● **Material to process**:
----------------

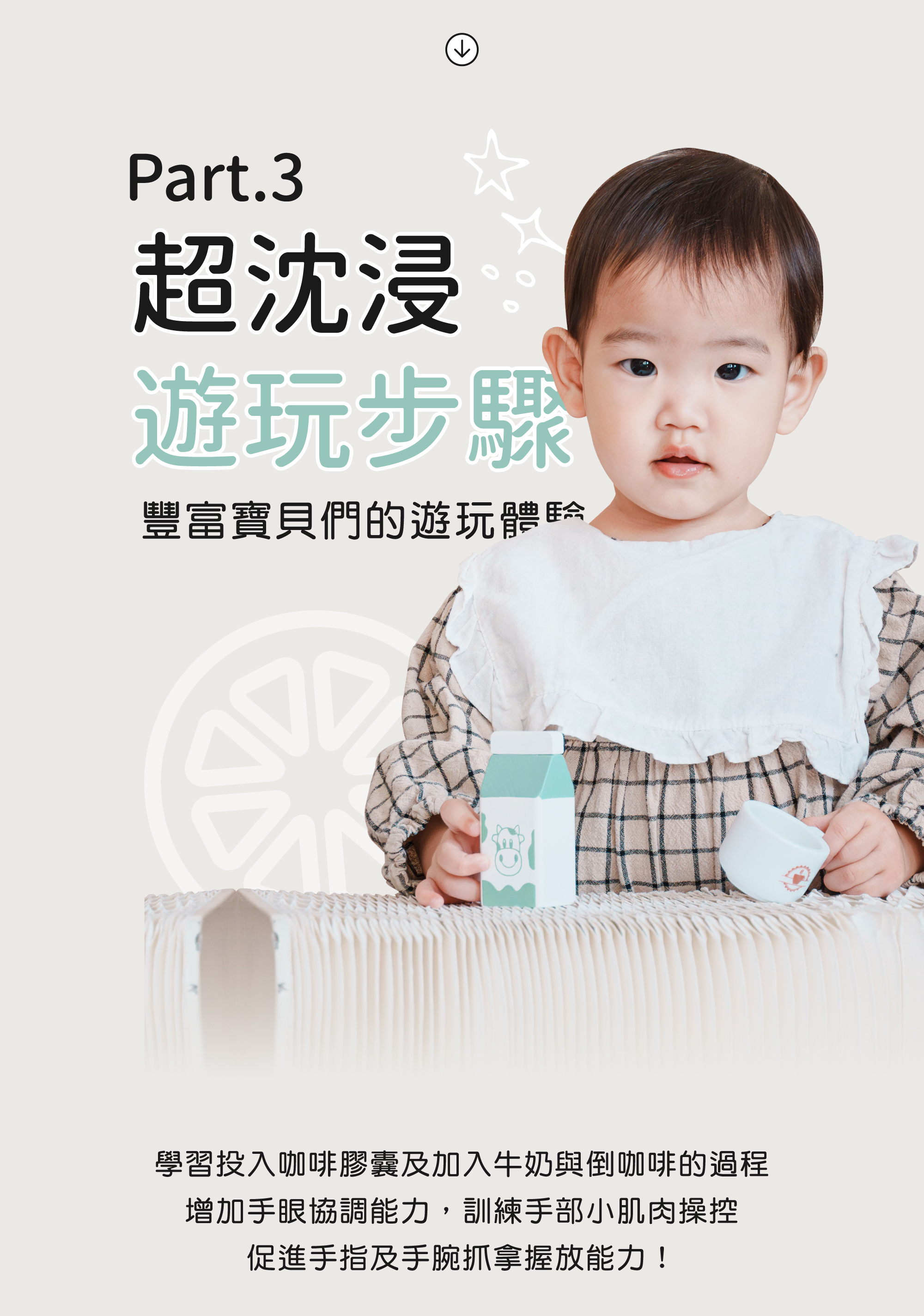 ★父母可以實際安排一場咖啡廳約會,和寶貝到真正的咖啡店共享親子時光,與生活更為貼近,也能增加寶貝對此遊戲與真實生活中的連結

----------------

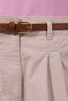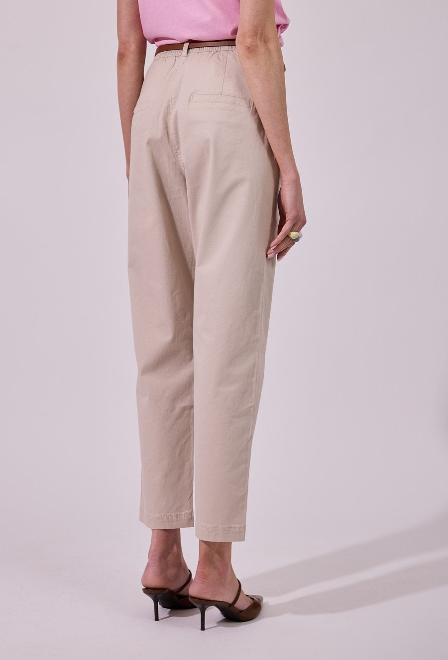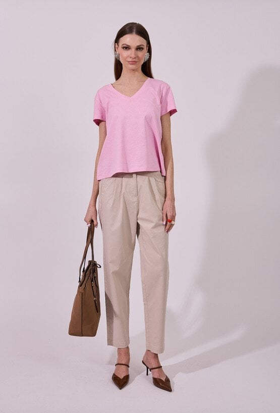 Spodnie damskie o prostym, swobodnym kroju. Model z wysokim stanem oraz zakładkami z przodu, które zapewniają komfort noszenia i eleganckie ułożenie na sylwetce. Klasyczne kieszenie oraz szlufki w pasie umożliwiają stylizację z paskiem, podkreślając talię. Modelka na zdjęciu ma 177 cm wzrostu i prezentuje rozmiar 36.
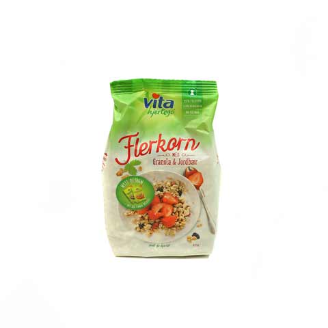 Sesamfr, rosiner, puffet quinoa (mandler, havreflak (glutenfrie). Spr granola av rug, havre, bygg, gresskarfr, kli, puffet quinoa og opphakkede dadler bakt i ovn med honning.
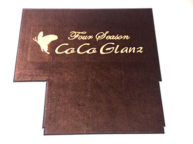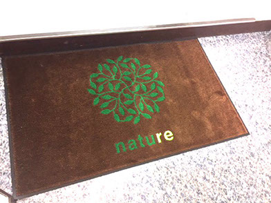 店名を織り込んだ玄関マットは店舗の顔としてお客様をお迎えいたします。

----------------

● **Work order**: In the records above, find the line with "Spodnie damskie o" and the line with "店名を織り込んだ玄関マットは店舗の顔としてお客様をお迎えいたします。", then restate word for word only those two lines and all lines between, omitting pictures.

● **Output of the exercise**:
 Spodnie damskie o prostym, swobodnym kroju. Model z wysokim stanem oraz zakładkami z przodu, które zapewniają komfort noszenia i eleganckie ułożenie na sylwetce. Klasyczne kieszenie oraz szlufki w pasie umożliwiają stylizację z paskiem, podkreślając talię. Modelka na zdjęciu ma 177 cm wzrostu i prezentuje rozmiar 36.
 Sesamfr, rosiner, puffet quinoa (mandler, havreflak (glutenfrie). Spr granola av rug, havre, bygg, gresskarfr, kli, puffet quinoa og opphakkede dadler bakt i ovn med honning.
 店名を織り込んだ玄関マットは店舗の顔としてお客様をお迎えいたします。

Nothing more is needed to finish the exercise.